Meidan Alon
Meidan Alon

Reputation: 3094

Regex for matching groups but excluding a specific combination of groups

I'm trying to match two groups in an expression, each group represents a single letter in initials as part of a name, for example in George R. R. Martin the first group would match the first R and the second group would match the second R, I have something like this:

\b([a-zA-Z])[\.{0,1} {0,1}]{1,2}([a-zA-Z])\b

However, I'd like to exclude a specific combination of those groups, say when the first group matches the letter d and the second group matches the letter r.

Is that possible?

Upvotes: 1

Views: 2348

Answers (1)

Wiktor Stribiżew
Wiktor Stribiżew

Reputation: 626794

You may restrict matches with a negative lookahead:

\b(?![dD]\.? ?[rR]\b)([a-zA-Z])\.? ?([a-zA-Z])\b
  ^^^^^^^^^^^^^^^^^^^ 

See the regex demo

Note:

  • The (?![dD]\.? ?[rR]\b) lookahead should be better placed after the word boundary, so that the check only gets triggered upon encountering a word boundary, not at every location in string
  • The lookahead is negative, it fails the match if the pattern inside it matches the text
  • It matches: a d or D with [dD], then an optional literal dot with \.?, an optional space with ?, an r or R with [rR] and a trailing word boundary \b.

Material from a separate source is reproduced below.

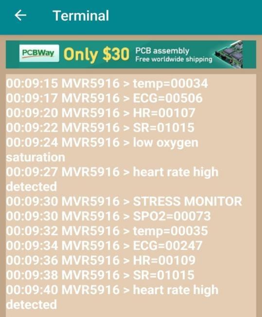 dataandcalculatesstresslevelsusingpredefinedalgorithms. A Bluetooth module transmits the processed data to the mobileapplication,whichfeaturesauser-friendlyinterface. The app displays live sensor readings and stress levels, categorizingthemas"Normal,""Moderate,"or"HighStress" for clarity. It also offers alerts for critical stress levels, encouraging timely user action. By providing immediate feedback, the application enhances the practicality of the system,allowinguserstomonitortheirstressconveniently whilesupportingbetterstressmanagementandoverallwellbeing

The main pattern is a more generic pattern - \b([a-zA-Z])\.? ?([a-zA-Z]):

  • \b - leading word boundary
  • (?![dD]\.? ?[rR]\b) - the negative lookahead
  • ([a-zA-Z]) - Group 1 capturing an ASCII letter
  • \.? - an optional dot
  • ? - an optional space
  • ([a-zA-Z]) - Group 2 capturing an ASCII letter
  • \b - a trailing word boundary

Upvotes: 2

Related Questions